Trump could use Obama’s waiver to save face by delaying a decision until at least June, observed Goren.

It is possible too that, despite Israeli celebrations over Trump’s promise on the embassy, Netanyahu may prefer in the end to let the matter lie for a while.

“There seems to be an ambivalence among Netanyahu’s circle,” said Thrall. “On the one hand, he has a lot of problems on his plate at the moment [with a series of corruption investigations] and doesn’t need the possibility of triggering a conflagration in the region. And on the other, there’s no great gain for him. If the US moves the embassy, European states will not follow.”

That is how Palestinian officials and diplomats in Jerusalem appear to be reading recent comments from the administration. Shaath said: “We have signs that the administration has retreated a little. But it may simply be a delay. We can’t be sure.”

Hunt for work-around

A European diplomat based in Israel, speaking to Al Jazeera on condition of anonymity, said: “It looks like Trump’s bark may have been worse than his bite. But there’s still a danger that [US ambassador] Friedman and Netanyahu will find a work-around.”

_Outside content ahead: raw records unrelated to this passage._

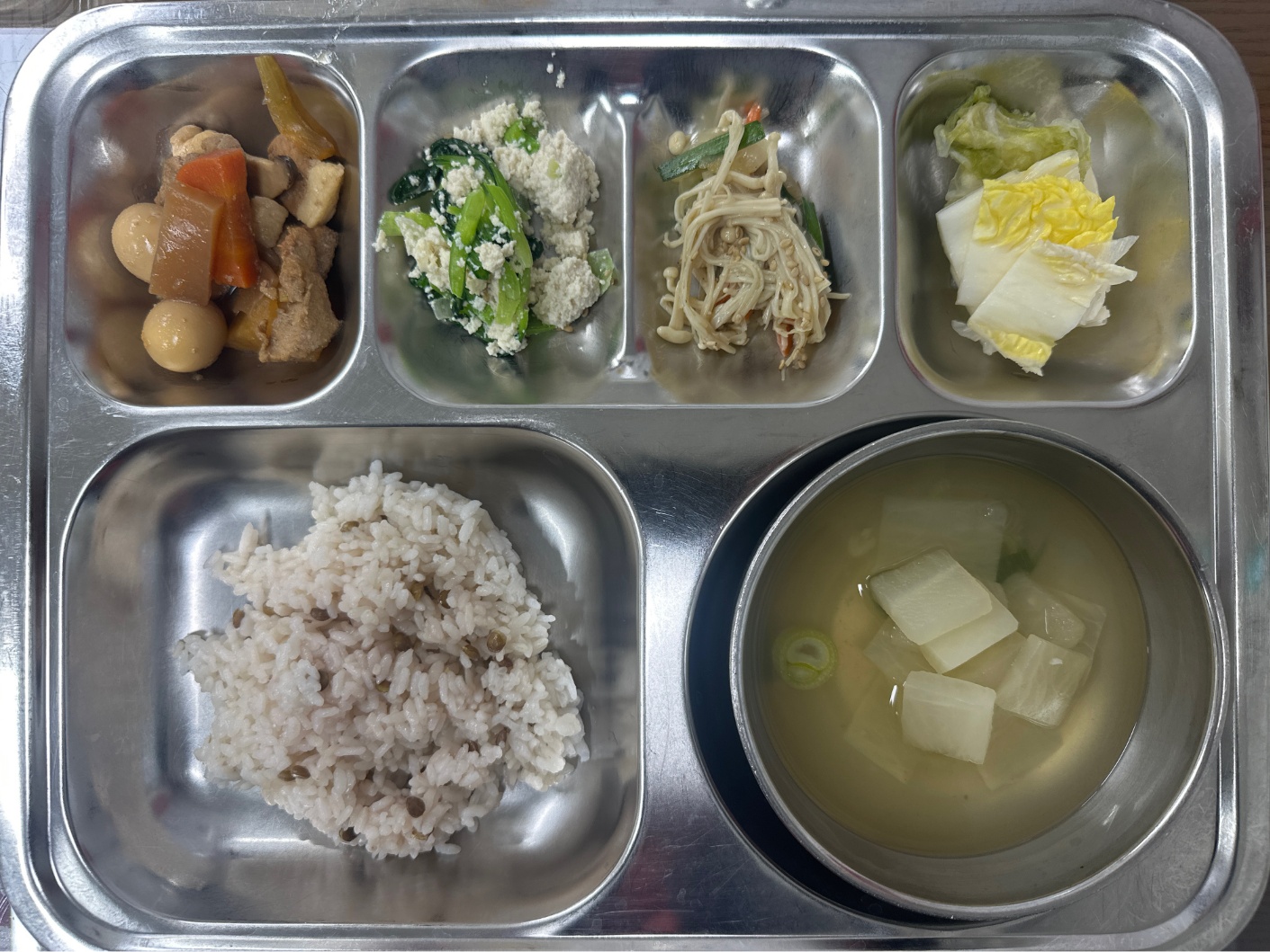 - 홍렌틸콩밥,홍합국,모듬장조림,팽이버섯볶음,비타민나물,백김치
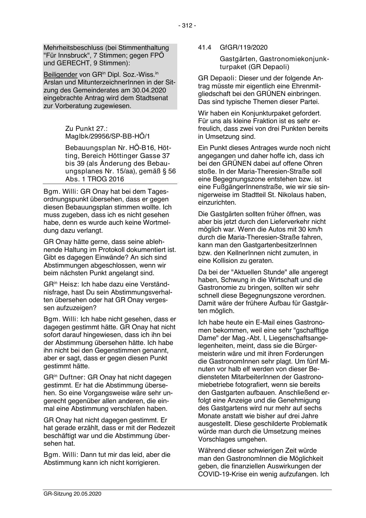 Bgm. Willi: GR Onay hat bei dem Tagesordnungspunkt übersehen, dass er gegen
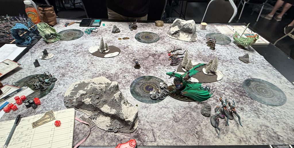 This was my first time facing Idoneth since their book release, and also my first time playing Chris. Of note, at the time of playing I didn’t have the code for the book and couldn’t check something, which meant I made a stupid mistake.Chris’ list wants to hover around the edges of the board to make the most of a -1 to hit debuff. Mathaela has a pretty scary spell that they can use to do big damage to monsters, and the tides are there to make everything more effective.
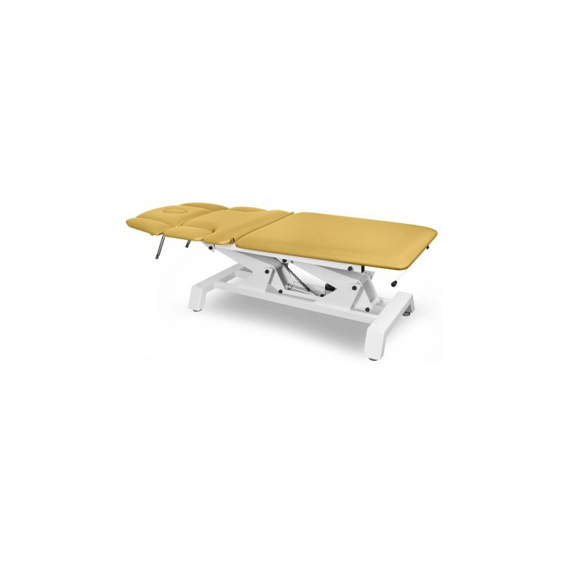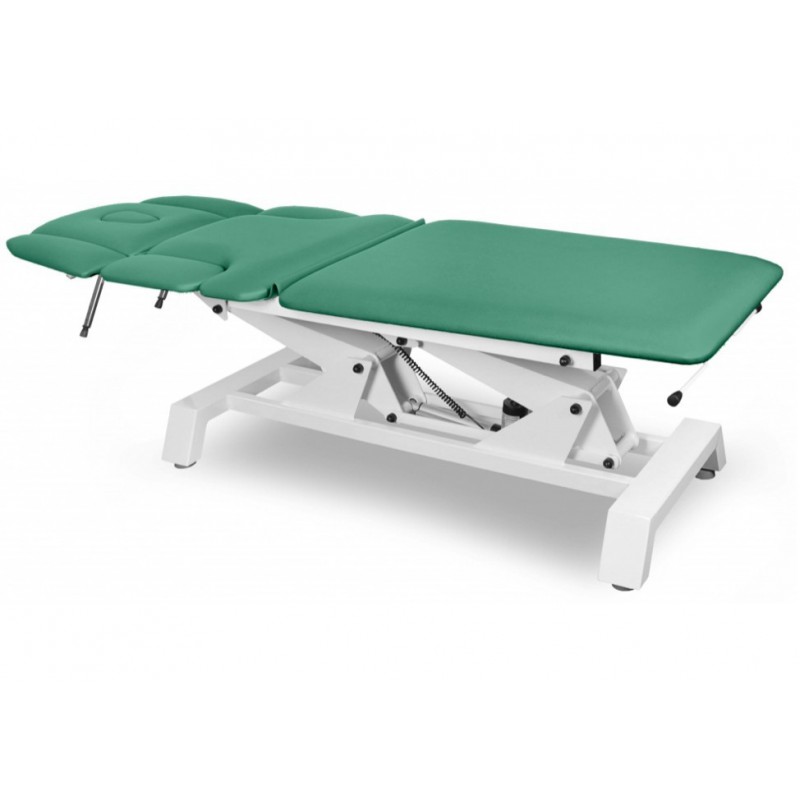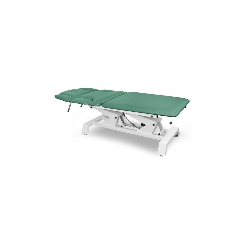 KSR 3 L E to trzyczęściowy, stacjonarny stół rehabilitacyjny, który posiada leże umożliwiające uzyskanie pozycji Pivota oraz fotela. Ustawienie stołu do pozycji Pivota oraz regulacja wysokości stołu odbywa się za pomocą siłownika elektrycznego. Nowe modele stacjonarnych stołów do rehabilitacji, charakteryzujące się smukłym i nowoczesnym designem. Kolor stelaża biały, natomiast kolor tapicerki skóropodobnej do wyboru.
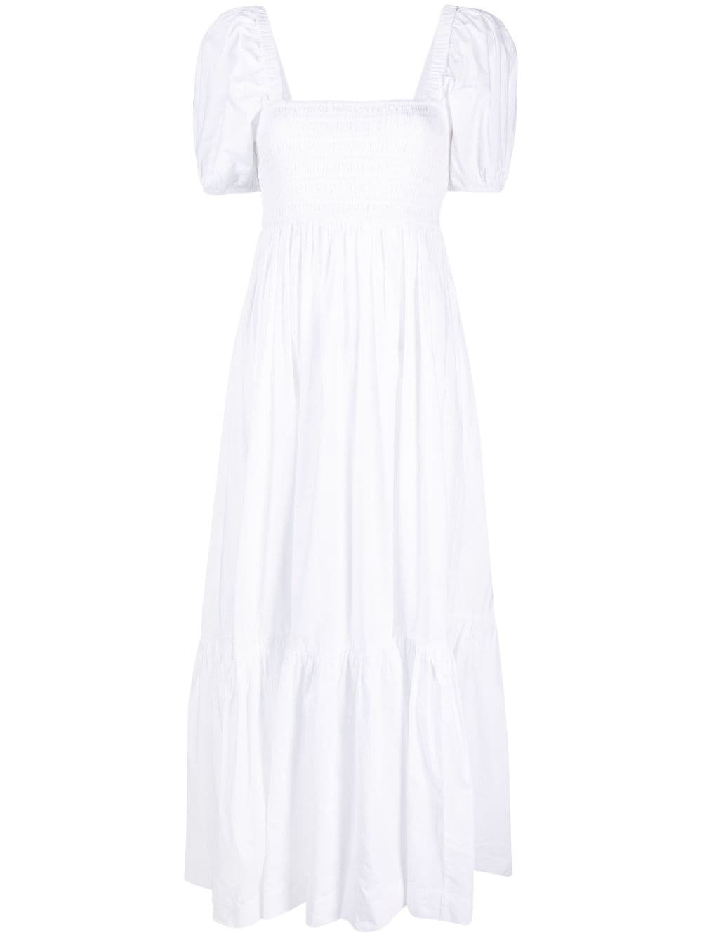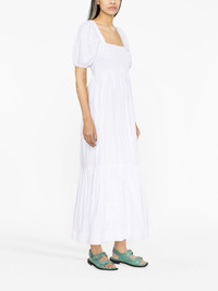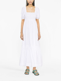 puff-sleeve organic cotton dress GANNI’s dress is a crisp reimagining of classic prairie styles. Cut from white organic cotton to a tiered silhouette, it’s framed with a shirred bodice and short puff sleeves. Highlights - White - Organic cotton - Pleat detailing - Square neck - Short puff sleeves - Tiered skirt Imported Composition Organic Cotton 100% SIZE & FIT Model measurements Height 5 ft 10 in(1.77 m) Bust/Chest 32.67 in(83 cm) Hips 35.43 in(90 cm) Waist 23.62 in(60 cm) Measurement LENGTH 57.48 in(146 cm) WAIST 47.24 in(120 cm) BUST 37.79 in(96 cm)

Morton Klein, the head of the Zionist Organisation of American, one of Israel’s key Israel lobby groups in Washington, told the Haaretz daily last week that Friedman had told him he would work out of US offices in Jerusalem.

Alpher suggested a possible scenario might be for Friedman to take over a section of the US consulate in Jerusalem, which serves the occupied territories. The US embassy could then function separately in Tel Aviv.

“If American Jewish leaders are insistent that the embassy moves, I could see the [Trump] administration choosing that as a compromise,” he said.

Shaath said such a manoeuvre should fool no one. “We would not accept any sort of so-called compromise along those lines. If the ambassador is working from Jerusalem, then the embassy has moved – and we will fight it.”